Discovery Can Take More Than One Year to Complete
It is the law in New York State that when a case is marked off calendar for more than 1 year that the case is dismissed for failing to prosecute. A case generally is not off calendar when discovery is being conducted in state court. Rather, a case will generally be marked off calendar in state court only after a party has defaulted in making an appearance. In Housing Court though, judges are reluctant to adjourn a case every few weeks while discovery is being conducted and so the case gets marked off calendar.
Discovery can often take more than 1 year for a variety of reasons:
- laziness of the landlord’s attorney,
- recalcitrance on the part of the tenant,
- or even because of the sheer volume of what must be produced.
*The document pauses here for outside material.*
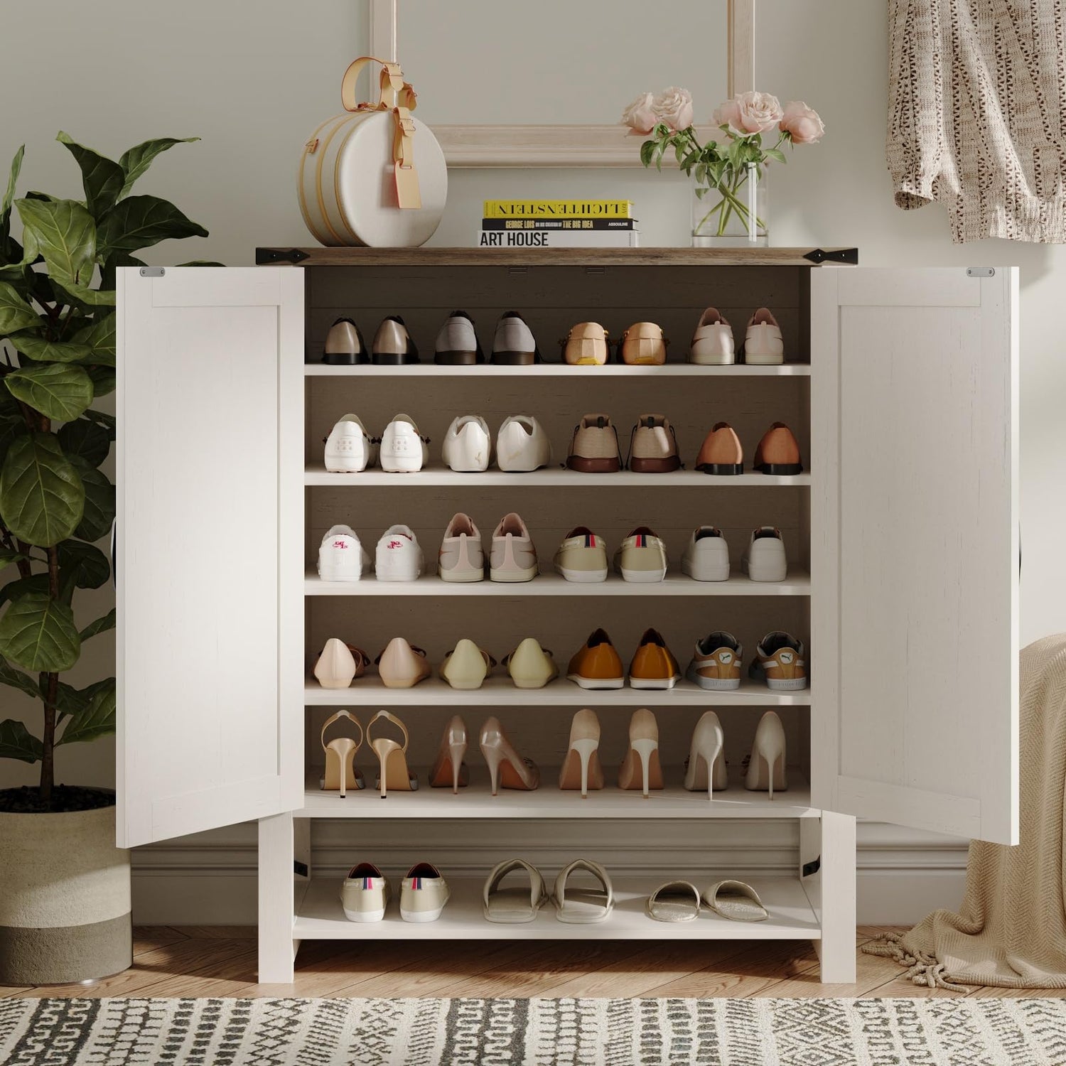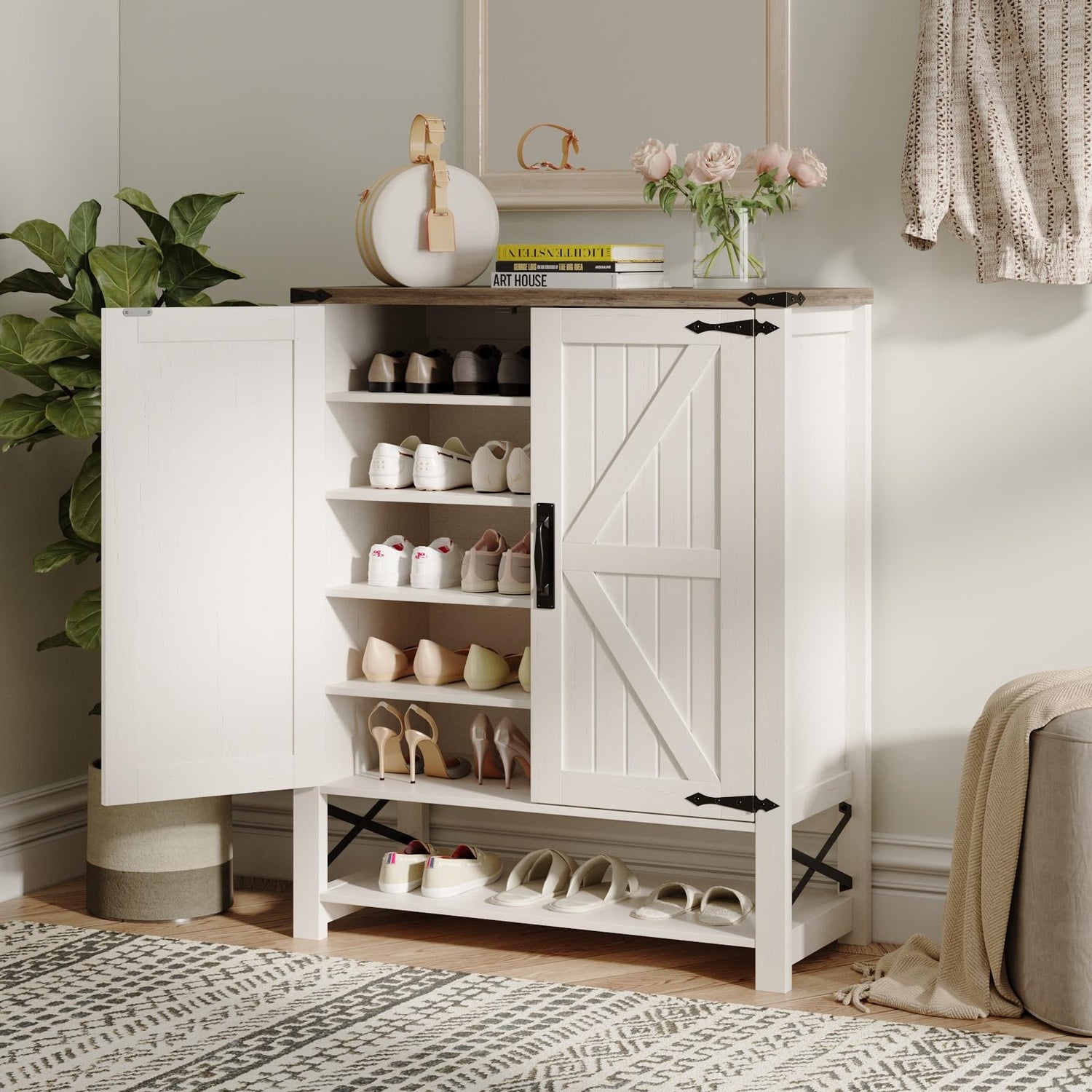 Maupvit Shoe Cabinet with Doors, 6-Tier Farmhouse Shoe Storage Cabinet with Adjustable Shelves, Shoe Shelf, Wooden Shoe Rack Organizer Cabinet for Entryway, Foyer, Hallway, Living Room, White

In Housing Court a landlord who allowed a case to be marked off calendar, actively engaged in discovery and/or settlement negotiations, and then failed to restore the proceeding to the calendar within 1 year faced dismissal because the case had run afoul of the rule that a case marked off calendar for 1 year was to be dismissed.
Marking a Case Off-Calendar is Not as Dangerous as It Used to Be
This quirk in the law was corrected by a decision of the Appellate Term, First Department that was released on December 15, 2014 entitled, Sammy Group LLC v. Evans, 2014 NY Slip Op 51753(U) (1st Dept. App.Term).
In Sammy Group a landlord has started an illegal alterations holdover proceeding. The case was then marked off calendar pending the completion of discovery. Substantial discovery was then performed at the completion of which – 16 months after the case was marked off calendar – the landlord sought to restore the proceeding to the calendar for trial. The tenant opposed the application to restore the proceeding claiming that the fact that the case was off-calendar for 12 months precluded restoration. Housing Court Judge Kaplan granted the motion to restore and the tenant appealed. The Appellate Term affirmed Judge Kaplan and held that his decision to restore the proceeding was correct by writing:
“The petition-landlord’s restoral motion, made roughly 16 months later, after the parties had engaged in considerable discovery, was properly granted in view of landlord’s showing of a potentially meritorious claim, the absence of any discernible prejudice to tenant, and the fact that the case was marked off calendar in open-ended fashion and through no fault of landlord.”
The impact of this decision is that landlords can breathe easier about marking a case off-calendar so long as the landlords are diligent about conducting discovery and continuing to have a meritorious claim upon the completion of the discovery.